[Note: If you’re in San Francisco or Austin, read the bolded part at the very bottom!]
For most of my life, at least until my late twenties, I was a slacker. I did almost nothing to help around the house, choosing to procrastinate on things assigned to me until someone else just did it themselves because that was easier than goading me into doing it. Even in friendships, I would rely on my good friends to come up with plans or invite me somewhere, and then I’d join. The only reason I got into college was because my best friend at the time, Phil, pushed me into filling out an application. I wouldn’t have done it otherwise.
There were exceptions, of course, but in general I was probably a burden. I was a good friend and family member in other ways, but in terms of carrying the weight of those relationships, I wasn’t putting in my fair share. It’s embarrassing to say that, but it’s true.
A couple years back, Todd wasn’t as invested in Sett as I was. We had started it as a side project, but it seemed like there was enough potential that it was worth going full time. I wanted to do so, but Todd’s priorities were elsewhere, so he worked a lot less than me. If Sett was going to continue, I would have to take full responsibility for it.
I remember crystallizing the decision down very clearly: I could either decide that I would carry all of the weight for Sett, or I could do what was “fair”, which would result in Sett stalling. Put in that context, it wasn’t that difficult of a choice. I decided that I would carry all of the weight, no matter what.
So, for a while, I carried all of the weight for Sett. I felt resentment from time to time, but overall it was a surprisingly good experience. I liked the responsibility. I felt myself become stronger and more disciplined. I gave myself a chance to rise to a challenge, and I met it. I even felt good that I was working for Todd, carrying some weight for him when he couldn’t or wouldn’t. He’s certainly done that for me any number of times during our friendship.
Sometimes all it takes to change yourself is to try out a new mindset once. You see that it’s better and you can’t imagine going back. That’s what happened with me and carrying weight. I decided that, in all cases, I would carry whatever weight needed to be carried.
As I’ve written about before, my friends and I bought an island. One friend, Elliot, and I came up with the idea, and then I did almost all of the legwork to make it actually happen. People asked me if I would get to make all the rules or own more of the island because of that, but I never thought of it that way. Ten of us put in our money, so it’s all of ours. If I can put in some work to make it happen, then I’m happy to be able to do that for my friends.
Four of us went up and started clearing a path up to the top of the hill, which is backbreaking work (literally– one guy had to rest on his back for a whole day). People cautioned me that with such a large group it would be hard to get everyone to put in equal effort to make it fair. I didn’t see it like that at all, though. Getting to do hard work that benefits people I’m close to is a privilege. If I didn’t have so many friends who are also eager to carry weight, I’d be happy to carry it all and do all of the work myself.
Even on the small scale now, I try to do little chores whenever I can. If I’m staying at someone’s place and their dishes are dirty, I’ll wash them. If friends and I are going on a trip, I’ll do whatever planning needs to be done.

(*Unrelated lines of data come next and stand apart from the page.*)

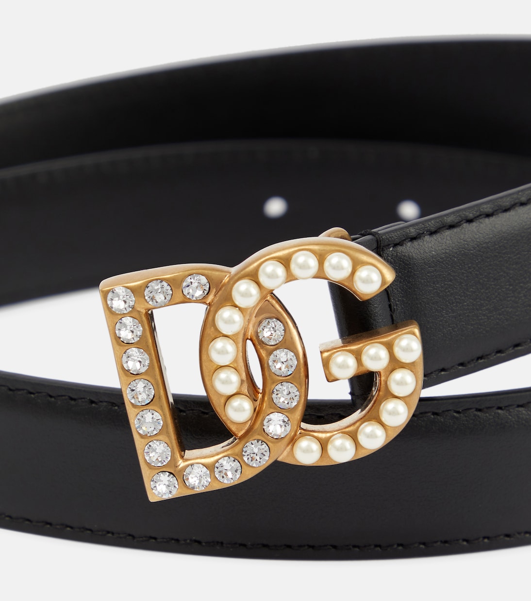 Украшенный кристаллами и искусственным жемчугом, логотип Dolce&Gabbana DG мгновенно добавляет гламура этому повседневному ремню. Ремень изготовлен из зернистой телячьей кожи с полосой средней ширины.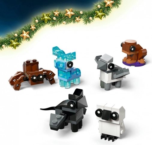 Tento čarovný kalendár skrýva za každými dvierkami nové prekvapenie: od minifigúrok Harryho Pottera, Draca Malfoya či Luny Lovegood vo sviatočných svetroch až po ikonické predmety z Rokfortu. Nechýbajú ani magické zvieratá ako Hypogrif, Aragog či Patronus v podobe jeleňa. Každý dielik podporuje fantáziu, rozprávanie príbehov a prináša sviatočnú atmosféru do vášho domova.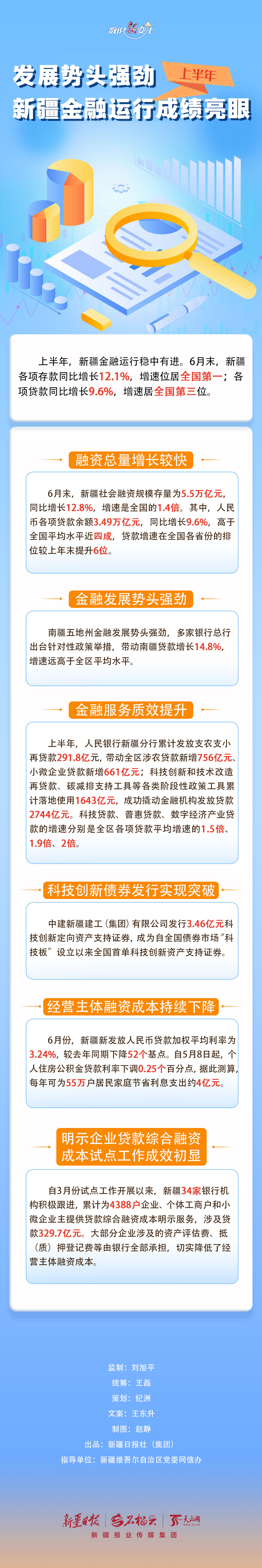 6月末,新疆各项存款同比增长12.1%,增速位居全国第一;各项贷款同比增长9.6%,增速居全国第三位。上半年,新疆金融运行成绩是如何取得的?有哪些亮点?今天的《数说“新”变化》一起来看看。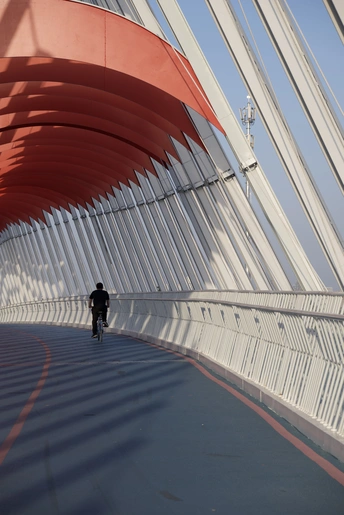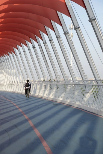 成都人有多浪漫?这座桥就是最好的体现。 桥身以新娘👰♀️的头纱为创意,提取头纱蕾丝的纹样作为设计元素,表达了对爱情和婚姻的美好向往。 桥梁整体的内部结合了教堂⛪️风格,显得神圣而又典雅。 这是在环城生态公园中,其中一座网红🌁桥,位于绕城高速、武侯大道之间,文昌路两侧,有时间的还可以骑车🚴环公园一周,大约100公里左右,预计6-8个小时左右 📸拍照Tips: 1、一定要晴天☀️去,我发的图片都是原图,无后期!!就是在6点-8点拍的,日落前2-1小时,夕阳的色彩慢慢渗出地平线,光线刚刚好。 2、💡亮灯时间:晚上桥会亮灯,亮灯时间是8点。夜幕降临,华灯初上,漫步在这座桥上,尽情邂逅成都特有的浪漫情怀。 3、来往的自行车、摩托车🏍比较多,拍照主要安全。 4、👗穿着:可以穿红色衣服,因为桥上面是红色,下面是白色的,一点红很出片。其他鲜艳的衣服也可以,比如:黄色、蓝色。 🌉桥名: 跨文昌路桥 📍地址:导航公交站“武侯大道文昌路口站”, 🚗停车场:上述公交站前面有停车场,10元一个小时,后续每个小时加1元。 🚇公共交通:地铁9/10号线华兴站B口步行/骑车1.7公里,或者坐306公交到文昌路武侯大道口站下(抬头就是蕾丝桥了)。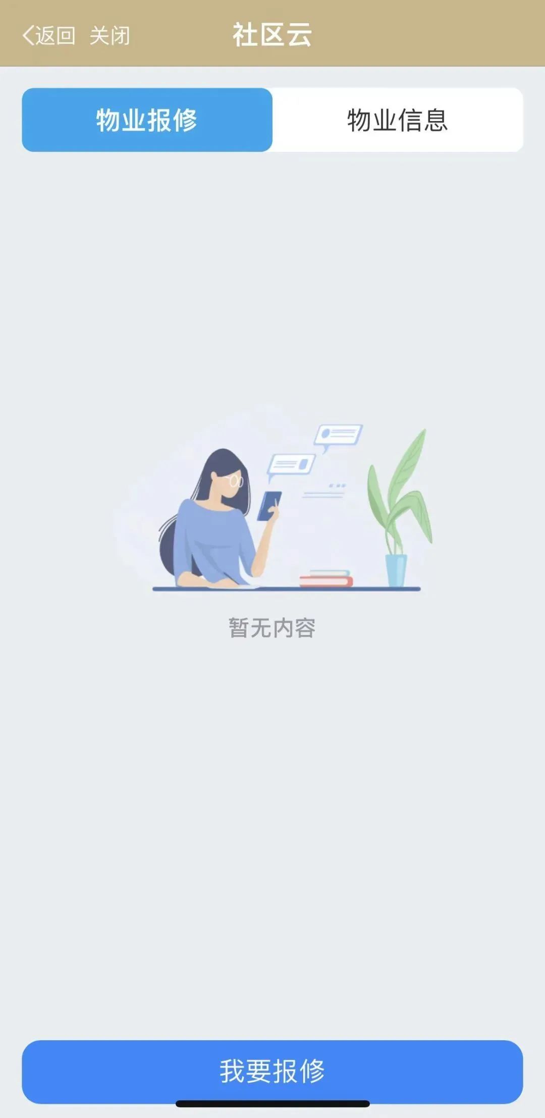 物业报修:当您电话说不清,到前台报修又太麻烦时,可以来这线上物业保修啦!点击“我要报修”,按页面提示填写信息即可!

I don’t say any of this to make myself seem like a saint, by the way. If anything I realize that I’m late to the party and I know that I’m still trailing behind most of my friends who have been carrying some of my share since I can remember. The small silver lining of only making this change recently is that I may have a lucid enough perspective on it to share.
When you carry all of the weight, you make other people’s lives better. You also make your own life better, in both predictable and unpredictable ways. You develop strength and confidence, knowing that although you can work with others and accept their help, you can also manage a lot by yourself if you have to. You build discipline. You become the kind of person that gets invited to everything because no one has to worry about carrying weight for you. You feel a sense of pride knowing that you’re providing for others.
Be willing to carry all of the weight. When you see a situation where someone need to step up and put in extra effort, be that person. Maybe you already are. But if you’re like I used to be, and you wait for someone else to take care of it, try carrying more than you’re used to. I bet you’ll like it more than you think.
Photo is Old San Juan, Puerto Rico
I will be speaking at the San Francisco and Austin dates of Sebastian Marshall’s Give Get Win Tour. It’s free, so come out and say hi! I’m probably going to be talking about rapid decision making.
Todd carries a lot of weight at Sett now, by the way. I unfairly expected him to want to make it his full time gig just because I did, so any resentment I felt towards him for not carrying half of the weight was because of my own actions.